* _Recorded information_
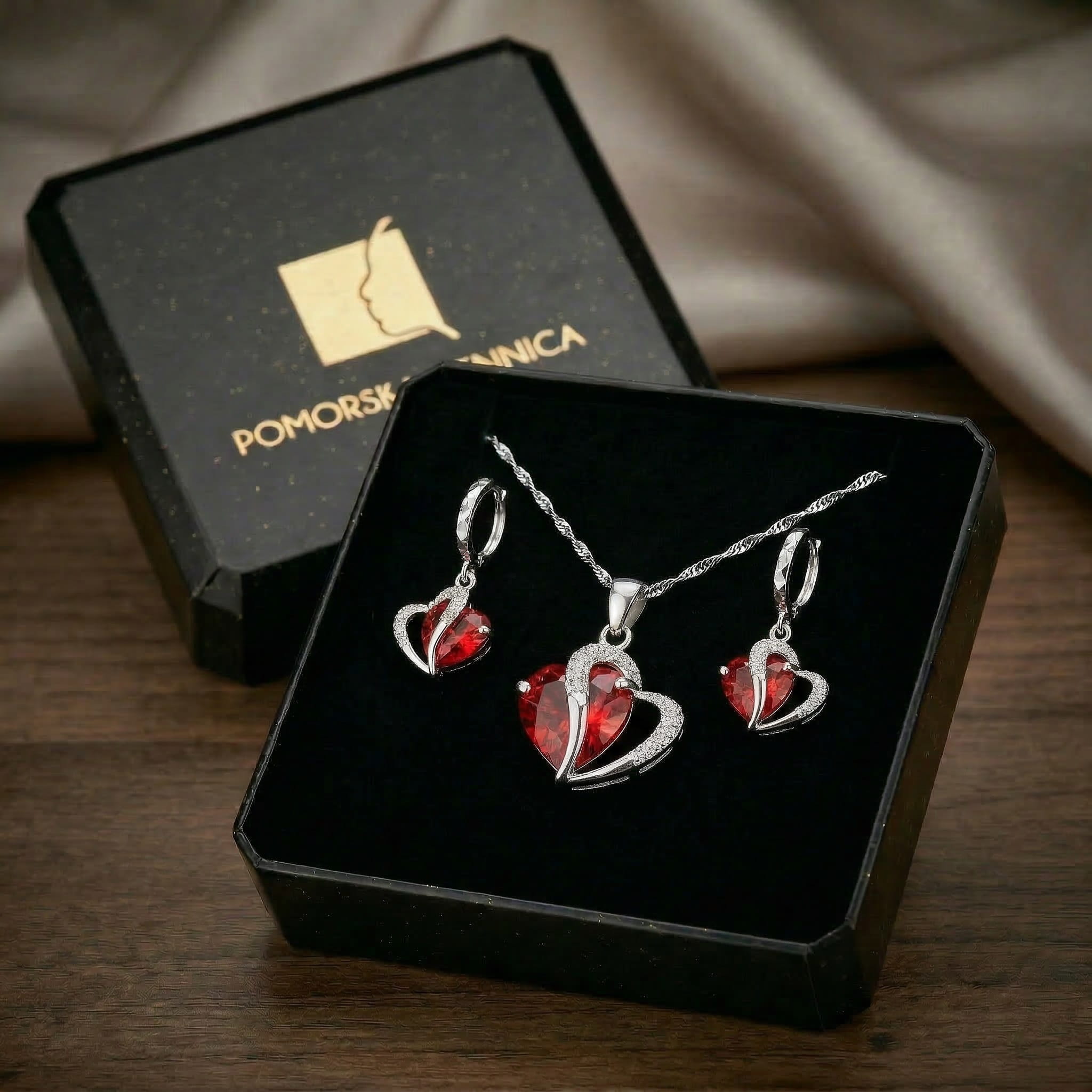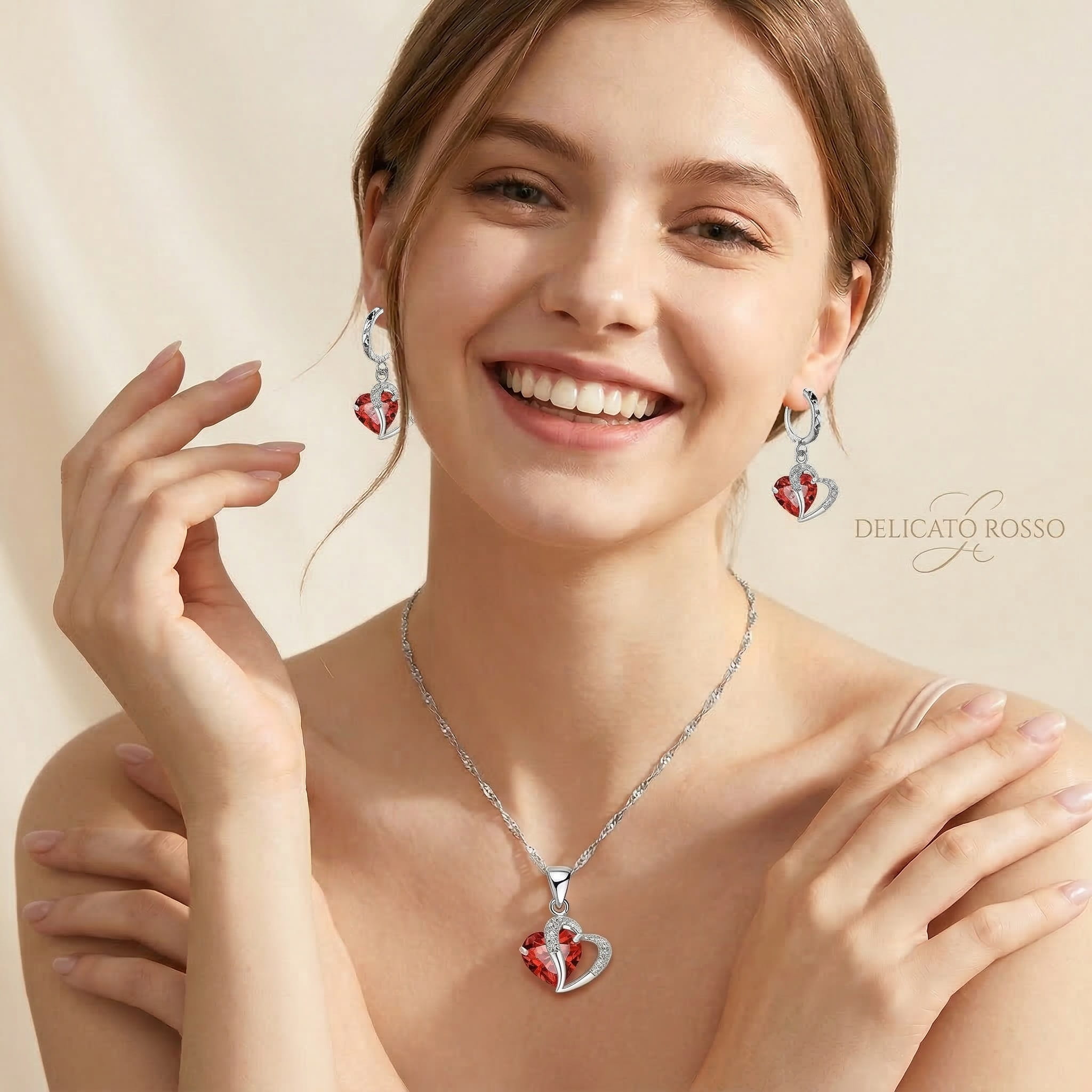 Zestaw „Delicato Rosso” – Naszyjnik i Kolczyki ze Srebra 925, Podwójne Serce w Rubinowej Czerwieni i Srebrze
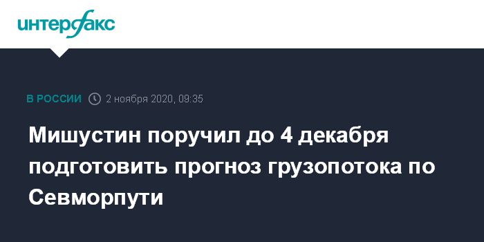 Москва. 2 ноября. INTERFAX.RU - Премьер-министр РФ Михаил Мишустин поручил профильным министерствам и другим структурам к 4 декабря представить прогноз грузопотока в акватории российской Арктической зоны и Северного морского пути на период до 2030 года и на перспективу до 2035 года.
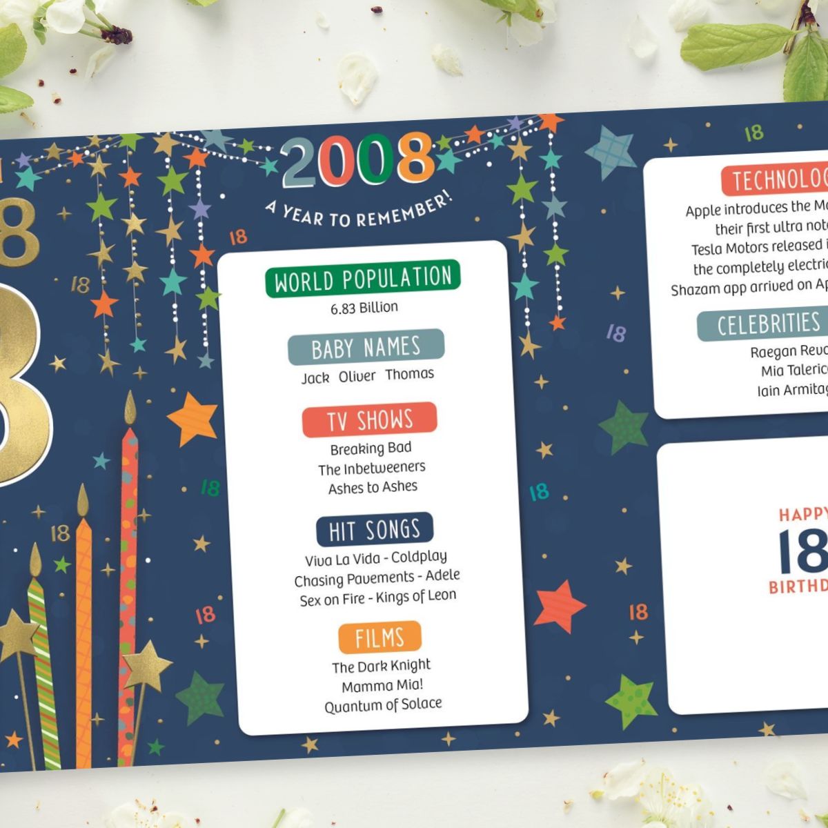 Stunning full colour 3-fold, embossed 18th Birthday card with gold foil details. Colour printed inside complete with fun facts about 2008.
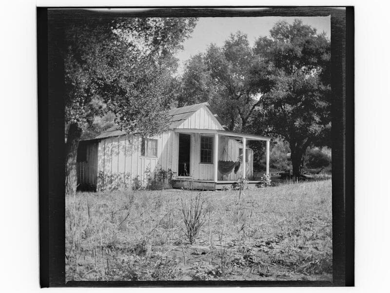 A house with porch, large yard, including trees, furniture, and a hammock. The yard has a lawn and a push lawn mower is propped against the house.

* _About this exercise_
Copy each line above exactly. Images do not belong in the copy.

* _Problem solution_
 Zestaw „Delicato Rosso” – Naszyjnik i Kolczyki ze Srebra 925, Podwójne Serce w Rubinowej Czerwieni i Srebrze
 Москва. 2 ноября. INTERFAX.RU - Премьер-министр РФ Михаил Мишустин поручил профильным министерствам и другим структурам к 4 декабря представить прогноз грузопотока в акватории российской Арктической зоны и Северного морского пути на период до 2030 года и на перспективу до 2035 года.
 Stunning full colour 3-fold, embossed 18th Birthday card with gold foil details. Colour printed inside complete with fun facts about 2008.
 A house with porch, large yard, including trees, furniture, and a hammock. The yard has a lawn and a push lawn mower is propped against the house.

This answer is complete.